Iraq as Vietnam
What did you learn from that war, Grandpa? Like most Americans, I never saw the battlefield in Indochina, but I did learn painful, indelible lessons as a citizen. My grandchildren are watching this war on television, so I will tell them: I learned that the government sometimes lies to the people--big lies with awful consequences--and sometimes government begins to believe its own lies. As a reporter, I learned with embarrassment to listen to the people in the street, because sometimes they tell you things the government is concealing. Again and again, antiwar dissenters and civil-rights activists told me the FBI and CIA were spying on them, tapping their phones, infiltrating their ranks and disrupting their organizations.

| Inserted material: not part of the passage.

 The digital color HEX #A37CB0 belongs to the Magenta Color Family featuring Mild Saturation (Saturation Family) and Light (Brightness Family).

The stories I dismissed as paranoia all turned out to be true. I also learned that military conquest, regardless of the stated intentions, seldom succeeds in creating democracy.

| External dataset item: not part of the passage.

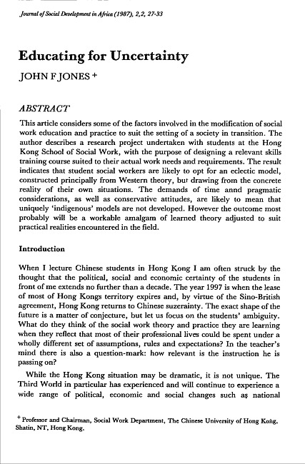 This article considers some of the factors involved in the modification of social work education and practice to suit the setting of a society in transition. The author describes a research project undertaken with students at the Hong Kong School of Social Work, with the purpose of designing a relevant skills training course suited to their actual work needs and requirements. The result indicates that student social workers are likely to opt for an eclectic model, constructed principally from Western theory, but drawing from the concrete reality of their own situations. The demands of time annd pragmatic considerations, as well as conservative attitudes, are likely to mean that uniquely 'indigenous' models are not developed. However the outcome most probably will be a workable amalgam of learned theory adjusted to suit practical realities encountered in the field.

The war in Iraq is different from Vietnam in one fundamental respect: A substantial portion of Americans (and others around the world) were in the streets protesting this venture before the shooting started. The media generally dismissed them and often caricatured the protesters as aging hippies on a sixties nostalgia trip. It's a pity reporters didn't listen more respectfully. Virtually every element of what has gone wrong in Iraq was cited by those demonstrators as among the reasons they opposed the march to war.